June 6th, 2014 at 3:26 pm
All excellent points. I’ve also noticed a bit of a misconception in some circles that you *have* to be in a Grove or Order or something-or-other to be a really real druid. Some of us are just introverts who don’t want to do the big group stuff and are a bit intimidated by the idea of joining (not to mention running) a Grove!
June 6th, 2014 at 7:56 pm
or the ‘grove of one’ as I’ve heard it called sometimes. Totally valid to be a solitary Druid.
June 6th, 2014 at 8:14 pm
I think the ‘grove of one’ is a splendid way of referring to a solitary Druid/ry. And, of course, whilst some of us have no embodied presences to be in Grove with, we may have others who are present when we centre with intention for doing ritual and commemorations and celebrations. It can also be the Grove or Nemeton within, which in my case has a name. Thank you Ryan for prompting Nimue’s reply here, and to her for that reply.
June 6th, 2014 at 5:11 pm
Thank you for making these very important points. It is easy to forget that any Grove is going to have dynamics, some are positive and constructive and some are not. So, for that matter, does being a solitary practitioner. It is all in the balance, the flexibility and willingness to be open to what works for those involved.
June 6th, 2014 at 7:24 pm
Very well written and you are totally correct on the points you raised:)

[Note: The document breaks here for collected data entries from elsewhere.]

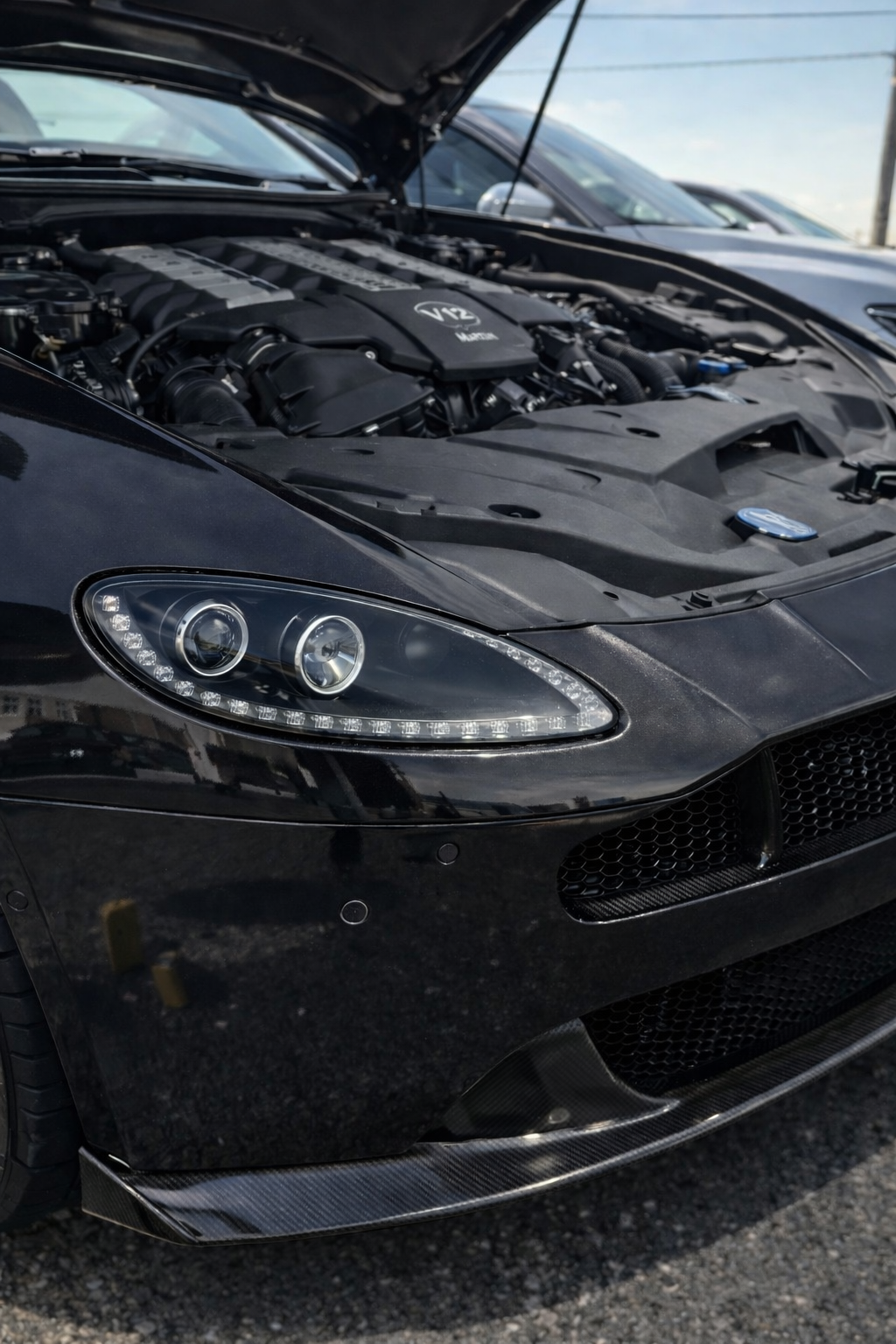 本日はアストンマーティン ヴァンテージ V12がプロテクションフィルムの見積&車両状態の確認でご入庫でした!なんとも痺れるエンジン音…今回はフロントフルのご依頼でした。一部飛び石がすでにある状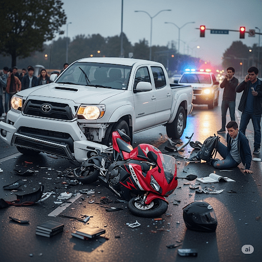 ในส่วนตัวผมมองว่าดูแล้วพอๆ กันทั้งคนเดินข้าม กระบะ จยย.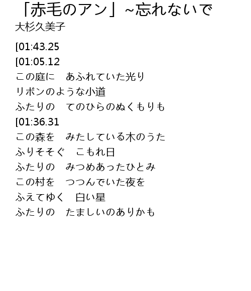 | Song | 「赤毛のアン」~忘れないで |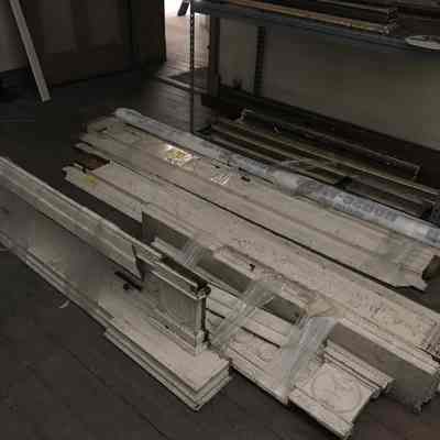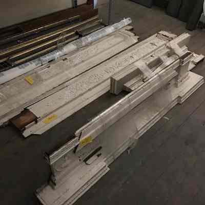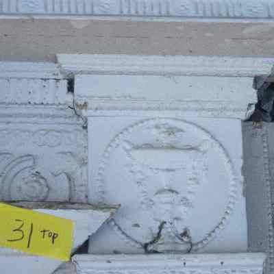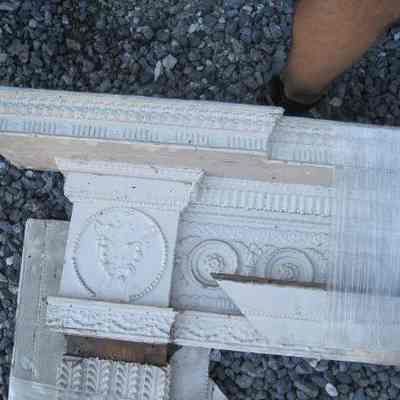 Heart of pine door surround with decorative compo molding. Federal period. Three pieces: header, left pilaster, right pilaster.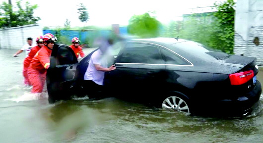 11日上午10时许,济南消防接到群众报警:孙村春晖路因连续降雨导致积水,两辆轿车抛锚水中。济南消防孙村中队立即赶赴现场,消防员涉水靠近被困车辆,然后将人、车转移至路边安全地带。

June 6th, 2014 at 10:07 pm
Synchronicity of topic for me, thank you very much for posting!
June 7th, 2014 at 3:23 pm
v interesting post, just saw this via LinkedIn, of all places! Many good points here, its sems. (But in the grove that I attended for several months, I left after one of the ‘leaders’ rather suddenly stopped 2/3rds of the way through what was an absolutely splendid ritual, to grab his mobile phone out of his pocket, saying, ‘oh, excuse me – have to call the pub to see if they’ll still be open to take food orders in time’ after our ritual ended, etc. (as the usual practice was to go to a pub afterwards, et al) Well, needless to say, that ‘killed it’ right then and there, for me, for the most part. I do not take mobile devices into sacred space, nor would I ever dream of ‘interrupting’ other people’s sacred space/experience with something as mundane as that. ‘Nuff said. Haven’t attended a Seed grove, though… but, as as someone who has recenlty completed the Ovate grade (ie. ‘post-Ovate’…!) I have chosen not to continue on to the ‘Druid’ grade at this time, as am a solitary practitioner, but will be visiting various groups/groves in the London area, i.e, as I must also go there re: business and so on, in the future. Here’s to the 50th anniversary of Obod, celebrated today — ‘Awens, all!’ Long may it continue /|\
June 8th, 2014 at 11:03 am
“Getting outside is good, breaking your ankle isn’t, and Druid wisdom is all about balance, not masochism.”
Wonderful! As was the bit about being able to meet at lunchtime if you like 😀
I love the diversity of everything that groves can be.